Version correcting these is attached. Thanks!

Greetings,

Andres Freund
>From a2325a2649da403dc562b8e93df972839823d924 Mon Sep 17 00:00:00 2001
From: Andres Freund <and...@anarazel.de>
Date: Wed, 13 Sep 2017 19:25:34 -0700
Subject: [PATCH] Speedup pgstat_report_activity by moving mb-aware truncation
 to read side.

Previously multi-byte aware truncation was done on every
pgstat_report_activity() call - proving to be a bottleneck for
workloads with long query strings that execute quickly.

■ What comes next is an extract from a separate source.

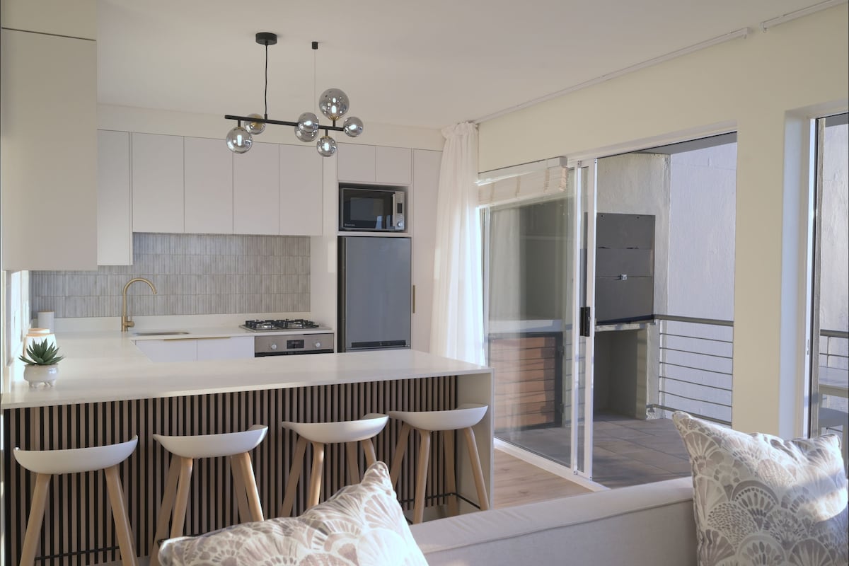 Enjoy a stylish experience at this ultra modern centrally-located apartment one road away from the famous Kite beach in Bloubergstrand. Hear, smell and see the ocean as you relax in the living room or work at the dedicated work space provided for corporate travellers. BONUS! The apartment has back up power provided during load shedding (power cuts) so guest will still be able to enjoy the internet and some lights, TV etc.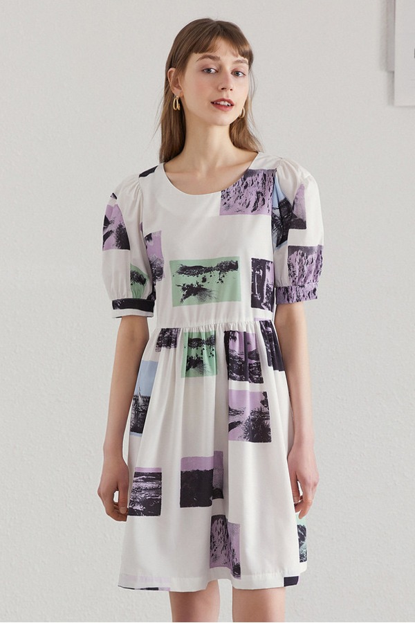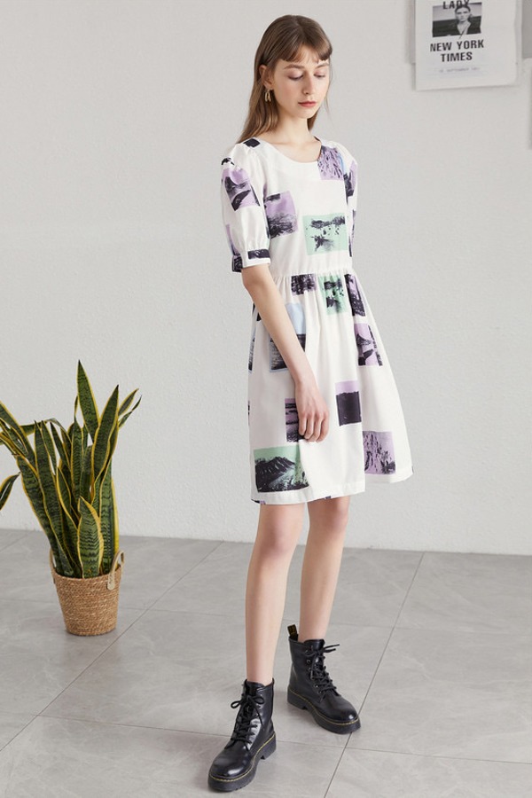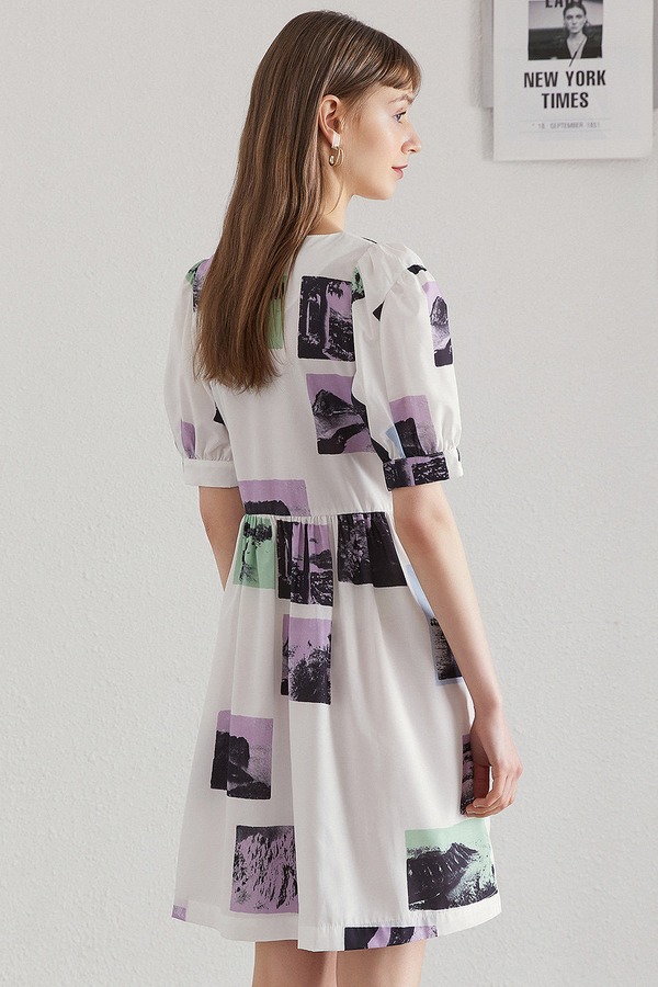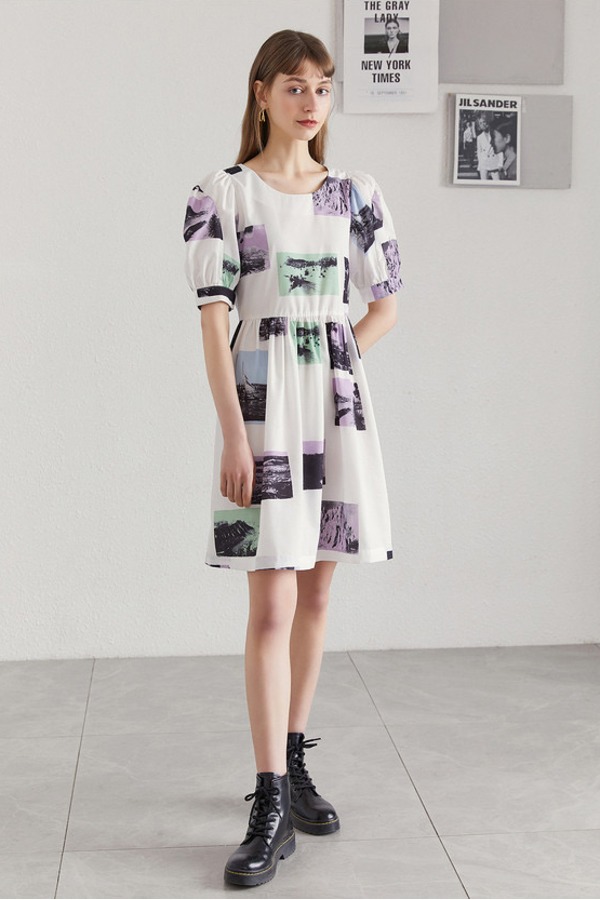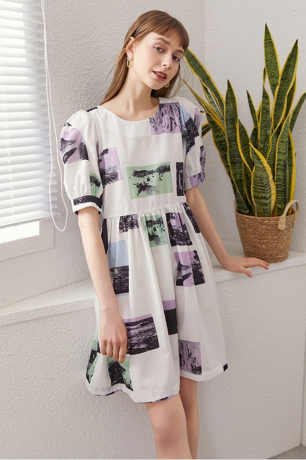 Y.SING衣香丽影 泡泡袖印花连衣裙 12470

Instead move the truncation to the read side, which is commonly
executed far less frequently. That's possible because all server
encodings allow to determine the length of a multi-byte string from
the first byte.

Author: Andres Freund
Discussion: https://postgr.es/m/20170912071948.pa7igbpkkkvie...@alap3.anarazel.de
---
 src/backend/postmaster/pgstat.c     | 63 ++++++++++++++++++++++++++++---------
 src/backend/utils/adt/pgstatfuncs.c | 17 +++++++---
 src/include/pgstat.h                | 12 +++++--
 3 files changed, 72 insertions(+), 20 deletions(-)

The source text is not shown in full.